You have the right ideas, but the proof of surjectivity is not correct. Also the proof of injectivity can be simplified a bit.

1. Injectivity.

All we have to know is that $e^x > 0$ and $\lvert e^{iy} \rvert = 1$.
If $e^{x +i y} = e^{u +i v}$, then $e^x = \lvert e^{x +i y} \rvert = \lvert e^{u +i v} \rvert = e^{iu}$ which implies $x = u$. But then we get $e^{iy} = e^{iv}$ and as you have shown this means $y = v$ or $y, v \in \{-\pi, \pi\}$.

2. Surjectivity.

All we need to know is that $e^x : \mathbb R \to (0,\infty)$ is a homeomorphism and $e^{iy} : [-\pi,\pi] \to S^1$ is surjective.

Given $z \in \mathbb C^\times$, let $x \in \mathbb R$ satisfy $e^x = \lvert z \rvert$ and $y \in [-\pi,\pi]$ satisfy $e^{iy} = z/\lvert z \rvert$. Then $e^{x+iy} = e^x \cdot e^{iy} = \lvert z \rvert \cdot z/\lvert z \rvert = z$.

3. $\bar{\mathcal E}$ is a homeomorphism.

We shall show that $\mathcal E$ is a closed map. This implies that it is a quotient map. Since $\bar{\mathcal E}^{-1} \circ \mathcal E$ is nothing else than the quotient map $q : \mathbb R \times [-\pi,\pi] \to X$ (which is continuous), we see that $\bar{\mathcal E}^{-1}$ is continuous (universal property of quotient maps!) which proves 3.

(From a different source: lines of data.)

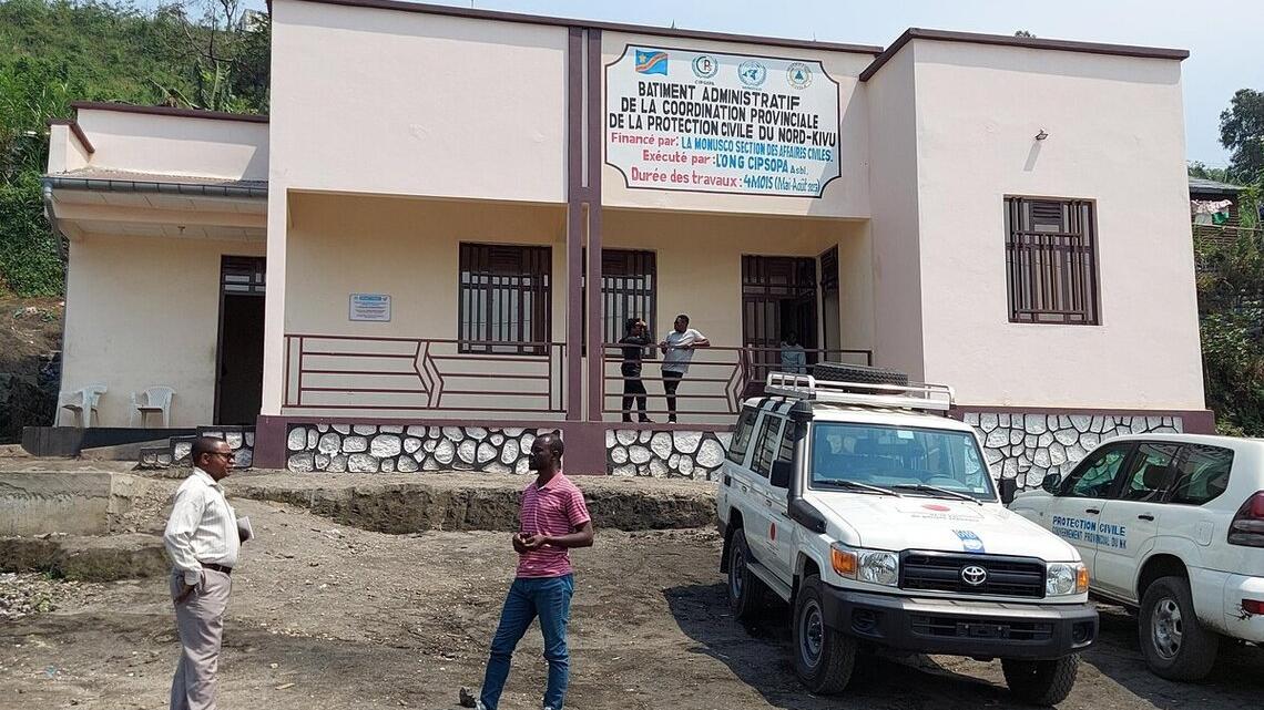 Créé en 2003 par l’ancien gouverneur, Eugène Serufuli, à la suite des dégâts causés par l’éruption du volcan Nyiragongo en 2002, le service de la protection civile ne possédait pas encore de locaux propres, pour mener à bien la prévention et la gestion des catastrophes dans la province du Nord-Kivu. C’est dorénavant chose faite grâce au partenariat entre les autorités de la RDC et la MONUSCO, dans le cadre de la consolidation de l’autorité de l’Etat.
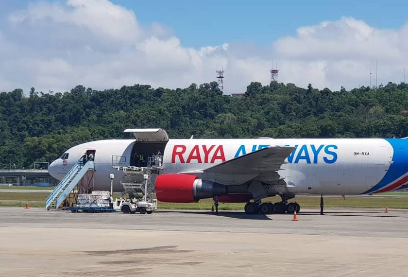 Pesawat kargo Raya Airways B767-223 yang membawa 16,380 dos vaksin COVID-19 itu mendarat pada pukul 12.42 tengah hari.
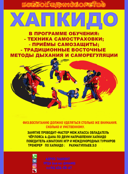 Поделитесь объявлением Путь объединение энергии-ХАПКИДО- с друзьями, знакомыми, потенциальными клиентами, используйте для этого социальные сети, мессенджеры. Это придаст объявлению популярности и эффект многократно повысится.

So let $A \subset \mathbb R \times [-\pi,\pi]$ be closed. We have to prove that $\mathcal E(A)$ is closed in $\mathbb C^\times$. Let $(z_n)$ be a sequence in $\mathcal E(A)$ which converges to some $z \in \mathbb C^\times$. We show that $z \in \mathcal E(A)$ which proves that $\mathcal E(A)$ is closed in $\mathbb C^\times$. Pick $(x_n,y_n) \in A$ with $\mathcal E(x_n,y_n) = z_n$. We have $e^{x_n} = \lvert \mathcal E(x_n,y_n) \rvert = \lvert z_n\rvert \to \lvert z \rvert$. Thus $x_n \to x := \ln \lvert z \rvert$. Since $[-\pi,\pi]$ is compact, $(y_n)$ has a covergent subsequence $(y_{n_k})$ with limit $y \in [-\pi,\pi]$. Hence $(x_{n_k},y_{n_k}) \to (x,y)$. Since $A$ is closed, we have $(x,y) \in A$. Since $\mathcal E$ is continuous, we get $\mathcal E(x_{n_k},y_{n_k}) \to \mathcal E(x,y) \in \mathcal E(A)$. But clearly $\mathcal E(x_{n_k},y_{n_k}) \to z$, thus $z \in \mathcal E(A)$.